American Institutes for Research to Lead Federal Research Network on Pandemic Learning Loss and Recovery

Arlington, Va. – The American Institutes for Research (AIR) is leading a federally funded network that will conduct and share research that addresses learning setbacks resulting from the COVID-19 pandemic. AIR has been awarded a three-year, $3 million grant from the Institute of Education Sciences (IES), the research, evaluation and statistics arm of the U.S. Department of Education, to lead the PreK–12 Research on Education Strategies to Advance Recovery and Turnaround (RESTART) Network.

The RESTART Network will support research to address learning losses many students encountered during the COVID-19 pandemic; identify, explore and evaluate state and local programs and policies designed to accelerate learning and recovery; and provide evidence to state and local agencies to improve learner engagement and achievement through recovery activities. AIR Managing Researcher Susan Bowles Therriault will serve as the network’s director. As the network lead, AIR will coordinate activities between research teams and provide national leadership on learning acceleration and recovery related to the pandemic.
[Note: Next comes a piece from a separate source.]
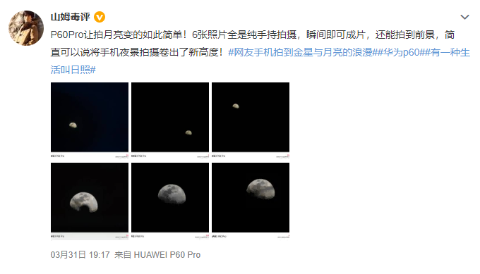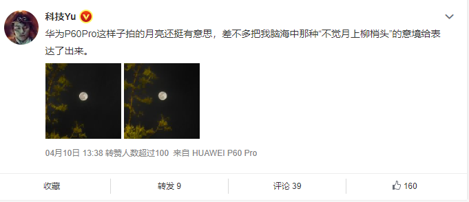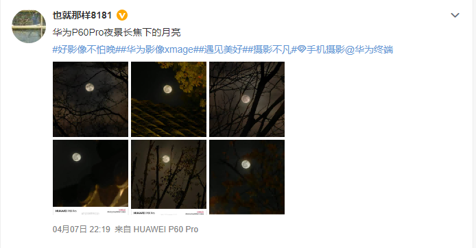 与此同时,对于大多数普通用户来说,也能够使用华为P60 Pro随手就拍出闪耀整个朋友圈的“超级月色”。比如在更大社交平台上,大家纷纷晒出华为P60 Pro拍摄的“月色照”,充分展现出华为P60 Pro即使在夜晚光线不足的情况下,依旧能够拍出“专业级”大片。正如这位网友所言:“P60Pro真的绝绝子一拍就是大片”

This will include:

  • Revealing emerging issues and priorities in the pandemic learning recovery landscape by assessing state and local education agencies’ needs and sharing them with the research community;
  • Identifying, sharing and amplifying evidence-based strategies that respond to the needs of the field and providing guidance, tools and connections that will help schools and districts understand and use these strategies; and
  • Building a coherent and coordinated research community focused on pandemic recovery research that fosters collaboration through training, convenings and other connections.

“It’s clear that the pandemic-related school closures disrupted teaching and learning in many ways and had a profound effect on student outcomes, deepening the inequities that already existed in the U.S. education system,” said Jessica Heppen, AIR President and an expert on education research, policy and practice. “Helping students recover what was the lost during the pandemic will take evidence-based solutions and will require researchers to collaborate with practitioners and with each other to study what works and share that knowledge with the field. The RESTART Network will create an infrastructure that supports rigorous research, authentic collaboration, and broad dissemination of high-quality evidence.”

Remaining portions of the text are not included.